I reflected that however substantial Elsie’s legacy
was she would certainly have earned it.

‘Of course.’ I pursued, ‘you’re very lucky that,
although Martin’s in Doncaster, Rosemary lives down here. Poor Mrs
Rossiter – Thelma and Alan are so far away. Though I’m jolly sure
that, even if she’d been here, Thelma wouldn’t have looked after
her mother as Rosemary looks after you!’

‘We have always been an exceptionally close and
devoted family,’ Mrs Dudley said with a degree of self-deception
that took my breath away. ‘I have always done my very best for my
children – left on my own to bring them up from quite an early age
– and I know that they feel it is a privilege to do the odd little
thing to help their old mother.’

She gave me a smile of saccharine sweetness to which
I did not respond and she continued, ‘Thelma, of course, is a very
good businesswoman. She has a real head on her shoulders. She
should have been the son. Alan was always a poor thing, took after
his mother. All this Africa nonsense, I’ve no patience with it! No,
Thelma realised that her mother couldn’t cope on her own and that
West Lodge was the only answer.’

‘But she could have had a little flat,’ I persisted,
‘and Annie Fisher would have been perfectly happy to look after
her...’

‘That woman!’ Mrs Dudley cut in sharply. ‘Thelma
wouldn’t have stood for that. She told me several times that she
was very worried that Annie Fisher was getting a hold over her
mother.’

‘What sort of hold? She always seemed a perfectly
respectable woman to me, and devoted to Mrs Rossiter.’

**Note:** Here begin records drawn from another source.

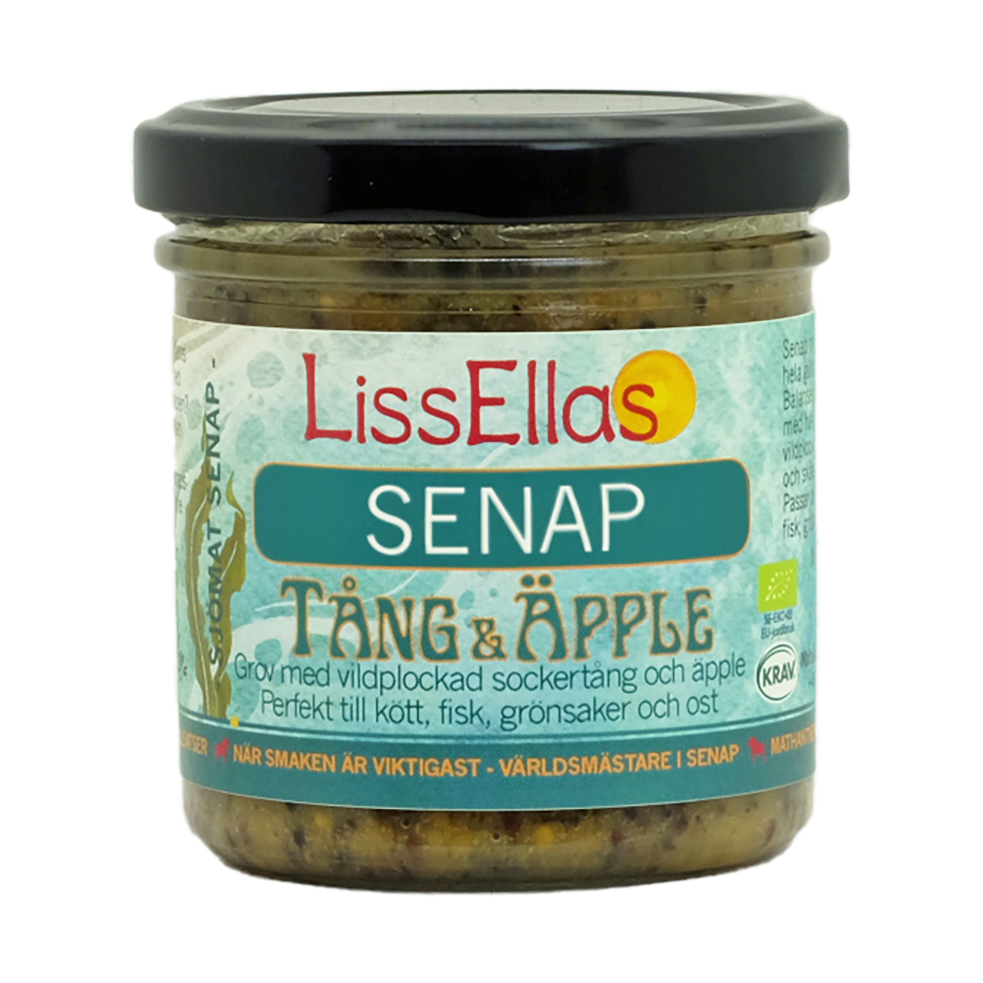 Senap med inslag av hela gula och bruna frön. Balanserad fruktig smak med härliga bitar av vildplockad sockertång och skånska äpplen. Passar bl.a. till burgare, fisk, grönsaker, pommes.
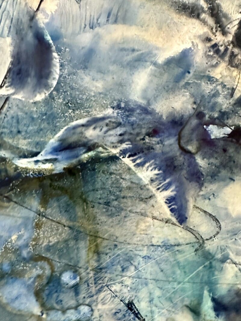 Su obra es un diálogo con lo intangible: la naturaleza salvaje de la mente y el alma humana, y el flujo constante entre lo racional y lo emocional. A través de la acuarela, construye capas que reflejan la evolución personal, resignificando lo que traemos del pasado y fusionando lo orgánico con lo abstracto. Cada trazo se convierte en una conversación íntima con el caos y la belleza del ser.
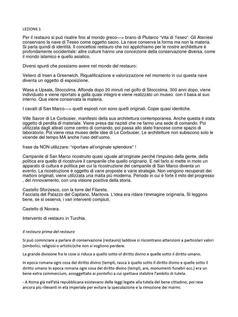 normativo) e di restauro vero e proprio, inteso come codice di condotta per l'intervento diretto e materiale

‘It was some sort of religious sect – I can’t
remember what they were called. She joined them a little while ago.
Thelma was very concerned that she might try to get Mrs Rossiter to
make over a lot of money to them. You know what these people are
like, they’re very persuasive. No, that wouldn’t have done at all.
I mean, even when she was in West Lodge, I believe Annie Fisher was
always in and out to see her.’

‘Yes, that’s true.’

I wondered why I hadn’t heard about Annie’s religious
conversion, but reflected that as I had always disliked the woman
I’d tried to avoid her whenever possible, and Mrs Rossiter and I
had other things to talk about.

‘So Thelma thought it was the lesser of the two evils
that her mother should come here. I mean, it is dreadfully
expensive – though, goodness knows, Mrs Rossiter could afford it.
And Thelma very sensibly advised her mother to take shares in West
Lodge, so naturally the fees were adjusted accordingly.’

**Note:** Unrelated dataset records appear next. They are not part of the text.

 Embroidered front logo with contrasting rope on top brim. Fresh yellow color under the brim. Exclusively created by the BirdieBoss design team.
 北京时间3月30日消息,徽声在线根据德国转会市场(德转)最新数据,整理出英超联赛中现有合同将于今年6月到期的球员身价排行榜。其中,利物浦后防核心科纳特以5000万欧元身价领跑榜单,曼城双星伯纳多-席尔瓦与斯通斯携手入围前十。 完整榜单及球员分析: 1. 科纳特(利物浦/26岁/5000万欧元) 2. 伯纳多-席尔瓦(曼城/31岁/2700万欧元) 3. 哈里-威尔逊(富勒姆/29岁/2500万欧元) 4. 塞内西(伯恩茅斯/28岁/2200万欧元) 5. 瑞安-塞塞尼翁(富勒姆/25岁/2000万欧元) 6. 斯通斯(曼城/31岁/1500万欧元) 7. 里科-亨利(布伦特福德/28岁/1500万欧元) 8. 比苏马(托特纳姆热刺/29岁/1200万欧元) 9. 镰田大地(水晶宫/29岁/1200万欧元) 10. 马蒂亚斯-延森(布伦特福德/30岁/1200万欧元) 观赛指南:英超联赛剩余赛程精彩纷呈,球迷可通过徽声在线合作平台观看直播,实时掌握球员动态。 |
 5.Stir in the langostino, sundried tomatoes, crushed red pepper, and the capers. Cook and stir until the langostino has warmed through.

No wonder Mrs Wilmot had panicked. She had mislaid
not only a patient but a shareholder as well!

‘It is no bad thing, really, that the fees should be
so high. It does keep out a certain class of people.’

The room was very hot, and suddenly I felt I couldn’t
bear any more of Mrs Dudley. I gathered up my handbag and gloves
and stood up.

‘It’s been lovely to see you and I’m delighted that
you’re so much better, but I must be getting on. I must call in and
see Mrs Jankiewicz while I’m here.’

Mrs Dudley pursed her lips in disapproval. ‘I can’t
say I approve of letting foreigners in.’

‘Oh, come now,’ I said sweetly. ‘Her cousin is a
countess, you know, and the Polish aristocracy is more ancient than
ours.’

She looked at me suspiciously, as if uncertain of my
seriousness. ‘That’s as may be – and, as I always say, it’s not
who
you are that’s important but
what
you are. She
has a very aggressive manner, quite unpleasant.’

I imagined that Mrs Jankiewicz had given Mrs Dudley
one of her famous ‘put-downs’ and it had not been well received.
There wasn’t room for two such dominant personalities under one
roof and I had no doubt that, formidable as Mrs Dudley was, she had
met her match at last.

Bidding Mrs Dudley a brisk farewell I went off to
hear Mrs Jankiewicz’s side of the encounter, looking forward
eagerly to telling Rosemary all about it.

 

Chapter Seven

 

The following week my son Michael came home for the
summer vacation with two suitcases of washing, a heavy cold and a
copy of
The Good Beer Guide
with every pub within a radius
of fifty miles of Taviscombe hopefully marked in red. This meant
that a large proportion of my life for the next few days was spent
in the kitchen making hot lemon and honey and mounds of chilli con
carne (‘Feed a cold, Ma, and starve a fever’) to the relentless hum
of the washing machine.

‘Is there any more news of Mrs Rossiter?’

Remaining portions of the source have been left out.